· 7 min read ·

Responding to a Breach You Didn't Own: Supply Chain IR from the Consumer Side

Source: simonwillison

The incident response literature has a perspective problem. Most of it is written for the organization that got breached: the company whose database was accessed, the service whose infrastructure was compromised, the vendor whose code was exfiltrated. Frameworks like NIST SP 800-61, internal runbooks, and tabletop exercises all assume you have forensic access to the broken system. You can pull logs, audit access patterns, and determine blast radius through evidence you control.

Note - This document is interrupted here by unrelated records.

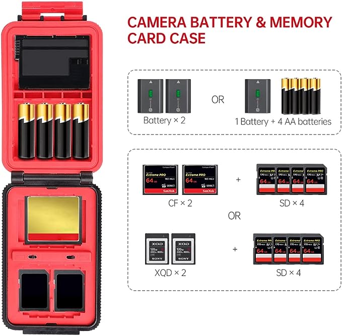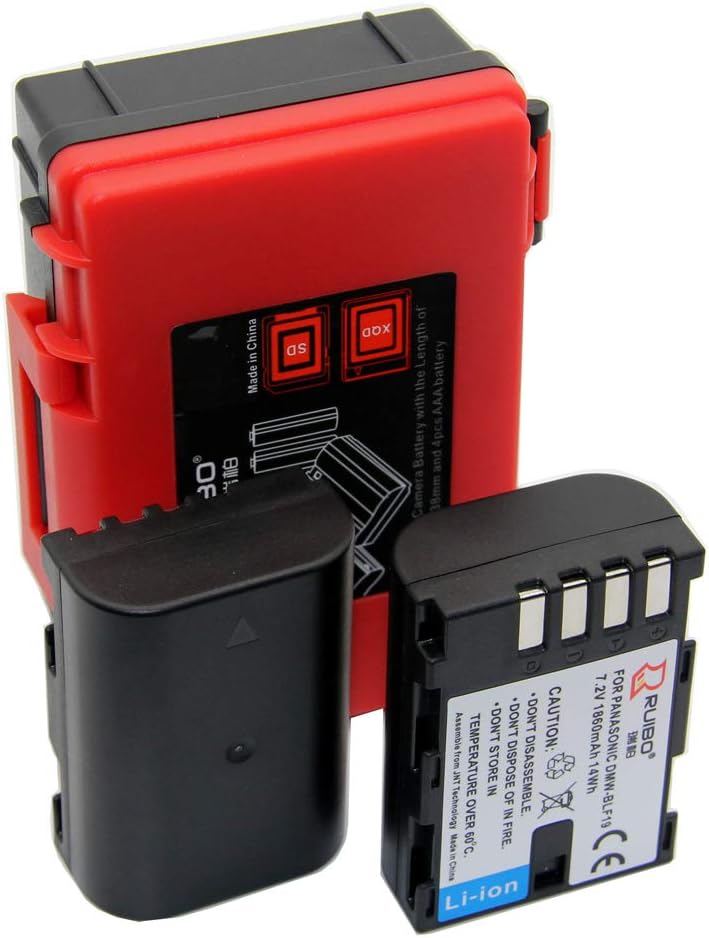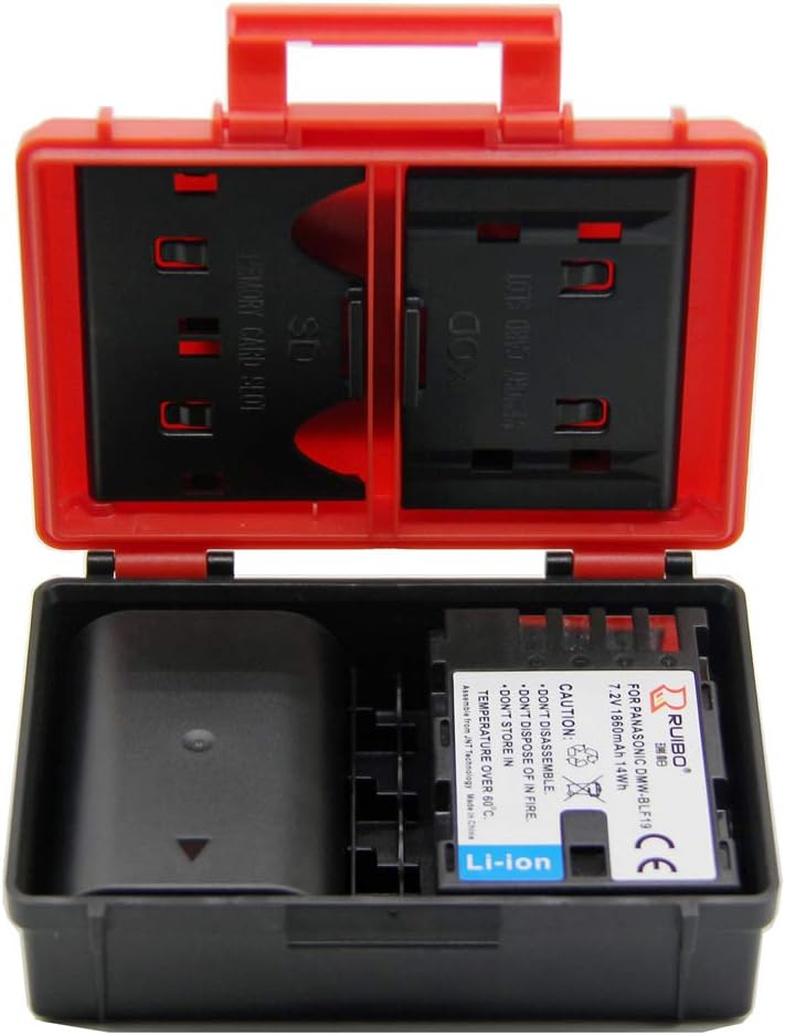 Model: RC-DMW-BLF19 Kit inlcuded: Plastic Case + 2 x DMW-BLF19 Li-ion batteries Capacity: Holds 2 Li-ion Batteries + 2 SD cards + 1 CF card Or Holds 1 Li-ion Battery + 4 AA Batteries + 2 SD cards +1 CF card Material: ABS+PC Color: Black & Red Size : 98*74*34mm Weight: 80g / PCS Packing : Blister + Color CardMulti-function Case: This small size battery case can be used as memory card case.it is a multi-function case Light Weight: Made of ABS Plastic,let this light weight battery card holder durable and easily carrying Lager Compatibility: you can put all the battery or similar size products into it Dust-proof: It can prevent dust into the case Can holds the Li-ion Batetry Models: For Sony NP-FZ100 / NP-FW50 For Panasonic DMW-BLC12 / DMW-BLF19 For Fujiflim FNP-W126 For Canon LP-E6N / LP-E8 For Nikon EN-EL15 / EN-EL15B, EN-EL14/ EN-EL14a For Olympus PS-BLS5 / PS-BLN1
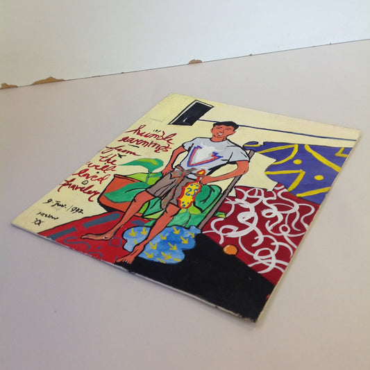 Vintage 1992 Folk Art Surruralism Gouache Painting on Board "Humble Earnings from the Well-Loved Traveler"" Retlaw
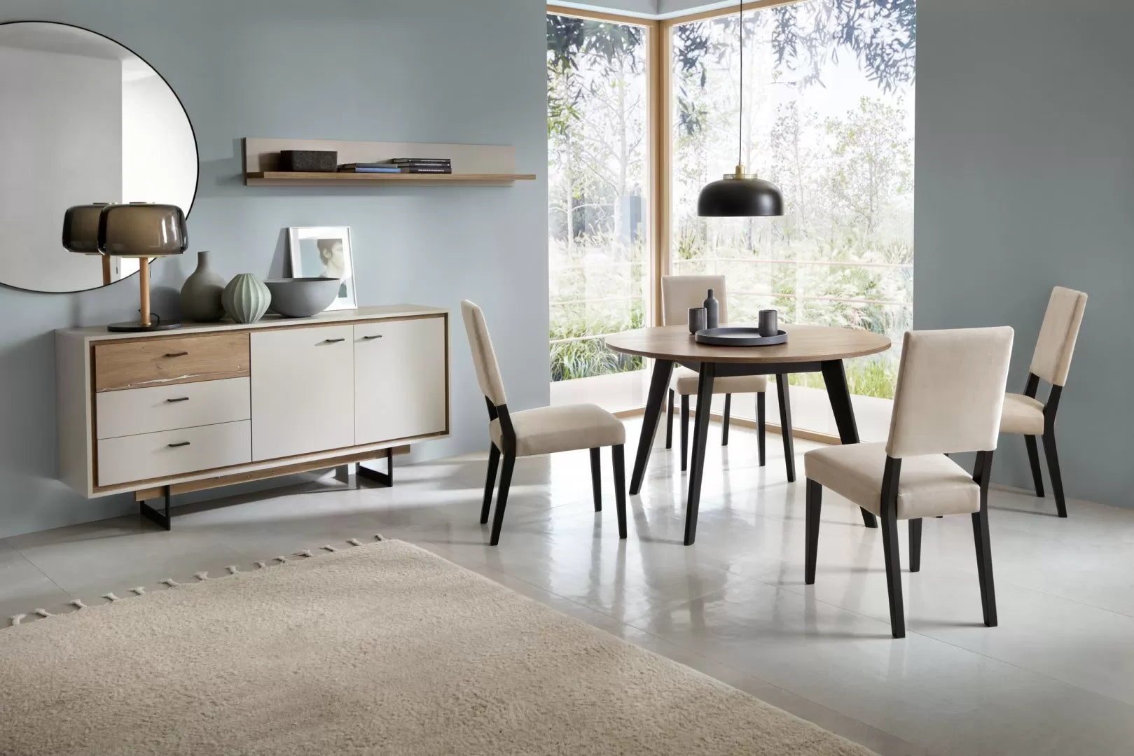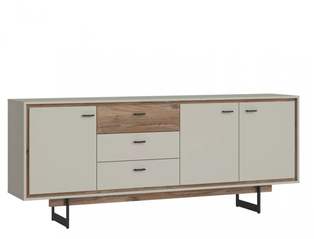 Komoda Rivero posiada metalowe czarne nogi, które zapewniają stabilność i solidne podparcie. Te wytrzymałe nogi dodają również industrialnego akcentu do mebla, podkreślając jego nowoczesny charakter.
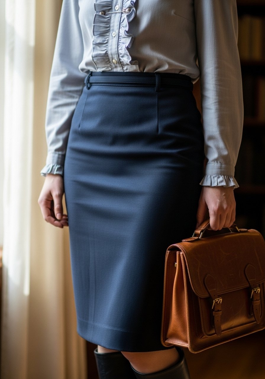 A pencil skirt maintains polish. Mid-heel boots are comfortable for commuting.
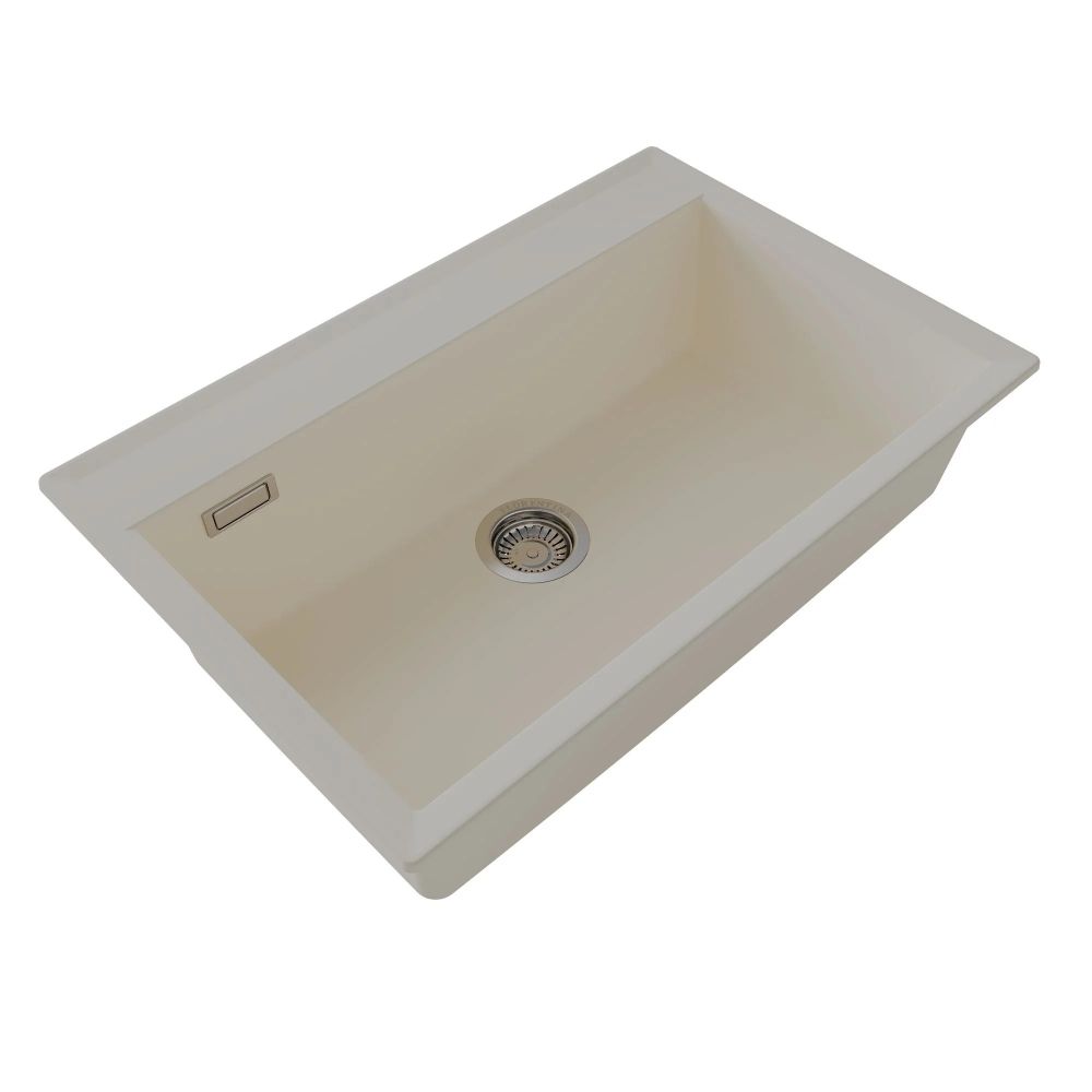 Прямоугольная мойка с большой чашей для кухонного шкафа 80 см. Материал — кварцевый композит. Предусмотрены доп. отверстия для установки аксессуаров.

The LiteLLM supply chain attack created a different kind of victim. Thousands of developers installed a compromised Python package, litellm 1.82.8, without knowing it. They did not own the build pipeline that was compromised. They had no access to the attacker’s exfiltration infrastructure. They could not pull server logs to confirm what was collected. Yet they needed to make real-time decisions about credential rotation, scope of exposure, and whether their production systems had been actively exploited. Simon Willison’s minute-by-minute account of his response is one of the few detailed public documents of that experience, and its value is precisely that it shows the uncertain, iterative shape of responding to an attack on a system you did not own.

What Made litellm Users a Concentrated Target

The compromised package shipped a malicious file, litellm_init.pth, inside site-packages. Python’s site module processes every .pth file on interpreter startup, and any line beginning with import is executed as code rather than treated as a path entry. The malicious file used base64-obfuscated payloads in this mechanism to exfiltrate environment variables to an attacker-controlled server on every Python invocation, persistent and recurring for as long as the compromised version remained installed.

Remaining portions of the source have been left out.